Он бродил по коридорам корабля и вглядывался во тьму сквозь красное стекло глазных линз и мерцающее перекрестье белых линий целеуказателя. На ретинальном дисплее высветилась руна: глиф с именем его брата мигал, настойчиво привлекая к себе внимание. Движением век он активировал руну, чтобы ответить:
— Что стряслось?
— Собираемся в Зале памяти, — ответил Талос.
— Скукота какая. А зачем?
— До того как мы причалим, хочу услышать полный перечень необходимых ремонтных работ.

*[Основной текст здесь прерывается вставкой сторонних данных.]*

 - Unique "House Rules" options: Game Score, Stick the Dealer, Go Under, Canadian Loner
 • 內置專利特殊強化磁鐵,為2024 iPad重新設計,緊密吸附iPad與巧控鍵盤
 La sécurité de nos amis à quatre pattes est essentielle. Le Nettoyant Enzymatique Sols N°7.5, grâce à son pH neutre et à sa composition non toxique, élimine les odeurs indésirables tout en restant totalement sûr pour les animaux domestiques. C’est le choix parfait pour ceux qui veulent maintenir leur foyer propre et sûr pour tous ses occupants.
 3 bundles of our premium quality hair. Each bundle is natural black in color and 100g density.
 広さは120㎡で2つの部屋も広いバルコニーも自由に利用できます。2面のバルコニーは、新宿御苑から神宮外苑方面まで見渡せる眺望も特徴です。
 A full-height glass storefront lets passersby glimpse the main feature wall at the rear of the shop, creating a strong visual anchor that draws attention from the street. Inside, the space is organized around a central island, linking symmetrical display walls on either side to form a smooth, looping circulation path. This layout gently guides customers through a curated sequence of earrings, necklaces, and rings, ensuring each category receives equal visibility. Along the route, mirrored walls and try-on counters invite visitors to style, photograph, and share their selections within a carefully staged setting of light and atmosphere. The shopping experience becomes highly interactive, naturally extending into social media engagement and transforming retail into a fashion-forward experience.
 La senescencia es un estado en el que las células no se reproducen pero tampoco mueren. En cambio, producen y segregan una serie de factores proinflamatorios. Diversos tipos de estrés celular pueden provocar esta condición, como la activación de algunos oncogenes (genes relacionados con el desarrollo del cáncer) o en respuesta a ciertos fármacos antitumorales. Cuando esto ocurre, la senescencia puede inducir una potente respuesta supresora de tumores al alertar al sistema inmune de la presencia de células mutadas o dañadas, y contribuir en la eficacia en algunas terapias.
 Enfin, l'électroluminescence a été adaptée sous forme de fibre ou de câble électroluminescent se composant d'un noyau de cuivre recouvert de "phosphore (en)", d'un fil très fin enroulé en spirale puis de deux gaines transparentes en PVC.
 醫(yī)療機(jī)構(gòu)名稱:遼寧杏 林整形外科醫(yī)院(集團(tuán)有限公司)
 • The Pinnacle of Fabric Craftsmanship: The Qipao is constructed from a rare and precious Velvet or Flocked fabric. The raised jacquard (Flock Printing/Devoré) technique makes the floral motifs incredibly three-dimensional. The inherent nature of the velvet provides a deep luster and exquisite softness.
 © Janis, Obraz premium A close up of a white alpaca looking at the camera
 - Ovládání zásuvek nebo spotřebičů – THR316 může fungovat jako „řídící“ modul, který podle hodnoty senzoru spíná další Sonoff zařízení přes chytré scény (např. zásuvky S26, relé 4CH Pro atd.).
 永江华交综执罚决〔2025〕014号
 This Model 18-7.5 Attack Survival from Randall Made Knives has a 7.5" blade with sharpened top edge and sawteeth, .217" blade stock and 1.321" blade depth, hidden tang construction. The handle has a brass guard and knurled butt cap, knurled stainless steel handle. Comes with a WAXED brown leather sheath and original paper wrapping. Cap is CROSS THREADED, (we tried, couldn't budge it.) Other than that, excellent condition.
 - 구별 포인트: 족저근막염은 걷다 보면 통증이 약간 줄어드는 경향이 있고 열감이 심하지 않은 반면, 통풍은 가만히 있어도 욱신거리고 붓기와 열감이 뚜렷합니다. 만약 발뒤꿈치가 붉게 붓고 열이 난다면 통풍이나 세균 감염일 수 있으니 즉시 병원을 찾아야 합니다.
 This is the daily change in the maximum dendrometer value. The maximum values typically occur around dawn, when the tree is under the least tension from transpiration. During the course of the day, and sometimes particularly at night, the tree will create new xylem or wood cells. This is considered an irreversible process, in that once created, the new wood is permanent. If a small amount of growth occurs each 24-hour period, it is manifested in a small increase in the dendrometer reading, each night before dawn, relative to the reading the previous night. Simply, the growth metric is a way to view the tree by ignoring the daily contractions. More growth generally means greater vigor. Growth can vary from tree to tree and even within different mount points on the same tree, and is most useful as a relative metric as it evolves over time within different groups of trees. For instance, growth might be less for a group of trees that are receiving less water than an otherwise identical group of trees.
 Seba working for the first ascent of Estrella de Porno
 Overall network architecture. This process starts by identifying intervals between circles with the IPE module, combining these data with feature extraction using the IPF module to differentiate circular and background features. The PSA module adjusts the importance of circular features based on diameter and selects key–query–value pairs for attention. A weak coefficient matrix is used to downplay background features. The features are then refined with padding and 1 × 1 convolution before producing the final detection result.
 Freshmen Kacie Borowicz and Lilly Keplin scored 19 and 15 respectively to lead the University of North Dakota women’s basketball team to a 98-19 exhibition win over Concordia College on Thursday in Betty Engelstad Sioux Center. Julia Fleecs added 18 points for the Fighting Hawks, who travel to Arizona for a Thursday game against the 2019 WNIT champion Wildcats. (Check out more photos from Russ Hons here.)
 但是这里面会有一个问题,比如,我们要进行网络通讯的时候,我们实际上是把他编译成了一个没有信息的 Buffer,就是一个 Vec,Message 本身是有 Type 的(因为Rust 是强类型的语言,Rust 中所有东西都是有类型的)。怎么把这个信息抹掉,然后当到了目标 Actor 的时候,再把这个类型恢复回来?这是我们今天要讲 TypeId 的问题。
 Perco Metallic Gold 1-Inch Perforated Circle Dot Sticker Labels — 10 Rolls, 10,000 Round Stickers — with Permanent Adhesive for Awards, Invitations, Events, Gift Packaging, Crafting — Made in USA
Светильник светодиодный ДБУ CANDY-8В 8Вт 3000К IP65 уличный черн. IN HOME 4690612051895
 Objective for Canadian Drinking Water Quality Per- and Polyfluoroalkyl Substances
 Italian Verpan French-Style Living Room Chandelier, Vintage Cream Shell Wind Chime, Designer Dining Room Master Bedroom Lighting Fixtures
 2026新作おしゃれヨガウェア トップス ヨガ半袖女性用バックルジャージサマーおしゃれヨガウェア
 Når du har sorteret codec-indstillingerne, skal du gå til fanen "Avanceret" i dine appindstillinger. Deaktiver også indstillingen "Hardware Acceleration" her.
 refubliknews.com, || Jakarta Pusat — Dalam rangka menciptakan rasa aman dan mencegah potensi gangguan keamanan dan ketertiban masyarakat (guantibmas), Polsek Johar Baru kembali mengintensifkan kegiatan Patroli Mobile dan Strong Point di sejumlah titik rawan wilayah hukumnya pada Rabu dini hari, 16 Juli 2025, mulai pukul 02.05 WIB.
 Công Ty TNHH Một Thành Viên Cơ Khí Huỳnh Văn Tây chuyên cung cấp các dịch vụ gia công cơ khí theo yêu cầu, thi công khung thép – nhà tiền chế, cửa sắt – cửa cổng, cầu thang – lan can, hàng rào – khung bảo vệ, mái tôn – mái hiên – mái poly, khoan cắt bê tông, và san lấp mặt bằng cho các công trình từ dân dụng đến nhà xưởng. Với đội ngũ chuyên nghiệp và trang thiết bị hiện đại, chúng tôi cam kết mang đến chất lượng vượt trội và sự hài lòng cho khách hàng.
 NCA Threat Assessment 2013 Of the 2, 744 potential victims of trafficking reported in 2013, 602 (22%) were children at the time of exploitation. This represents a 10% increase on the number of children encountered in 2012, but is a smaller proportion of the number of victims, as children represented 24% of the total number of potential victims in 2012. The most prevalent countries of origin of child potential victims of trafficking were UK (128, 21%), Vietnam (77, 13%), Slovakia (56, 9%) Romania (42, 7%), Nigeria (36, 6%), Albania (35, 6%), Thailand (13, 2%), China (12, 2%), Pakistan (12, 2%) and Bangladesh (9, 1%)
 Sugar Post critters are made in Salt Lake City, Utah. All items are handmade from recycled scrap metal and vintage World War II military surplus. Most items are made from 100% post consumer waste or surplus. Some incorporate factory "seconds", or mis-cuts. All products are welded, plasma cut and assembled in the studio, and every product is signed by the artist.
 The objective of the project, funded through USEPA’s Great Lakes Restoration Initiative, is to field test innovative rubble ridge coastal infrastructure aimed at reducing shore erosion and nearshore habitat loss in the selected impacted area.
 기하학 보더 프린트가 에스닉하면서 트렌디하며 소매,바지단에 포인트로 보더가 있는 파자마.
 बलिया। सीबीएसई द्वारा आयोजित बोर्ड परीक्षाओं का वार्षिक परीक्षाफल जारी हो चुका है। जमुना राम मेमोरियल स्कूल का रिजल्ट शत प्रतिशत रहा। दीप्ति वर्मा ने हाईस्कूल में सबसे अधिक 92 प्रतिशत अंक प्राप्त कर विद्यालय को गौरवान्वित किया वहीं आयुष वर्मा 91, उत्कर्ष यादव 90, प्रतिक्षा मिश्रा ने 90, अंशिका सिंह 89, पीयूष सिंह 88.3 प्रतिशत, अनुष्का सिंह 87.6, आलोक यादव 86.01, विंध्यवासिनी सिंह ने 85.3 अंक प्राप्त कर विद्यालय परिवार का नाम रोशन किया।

— Вот я и говорю, — подтвердил Сайрион, — скукота же.
— Просто шагай сюда. — После этого Талос отключился.
Божественные механизмы наполняли Зал памяти гулким эхом: сервиторы что-то поднимали или тянули, сверлили или забивали. Все они носили черные туники с капюшонами, на спине у каждого — крылатый череп, символ легиона. Нострамские глифы, вытатуированные у некоторых на лбу, указывали, что это бывшие рабы, в наказание за мелкие проступки подвергнутые лоботомии и аугментации.
Десятки рабочих и сервиторов трудились у столов и конвейеров: они собирали разрывные снаряды для болтеров, которыми были вооружены воины легиона. Другие работали у настенных консолей — они проводили глубокое сканирование корпуса корабля и руководили ремонтными бригадами. Гомон голосов, стук инструментов, лязг металла сливались в одну сплошную волну шума.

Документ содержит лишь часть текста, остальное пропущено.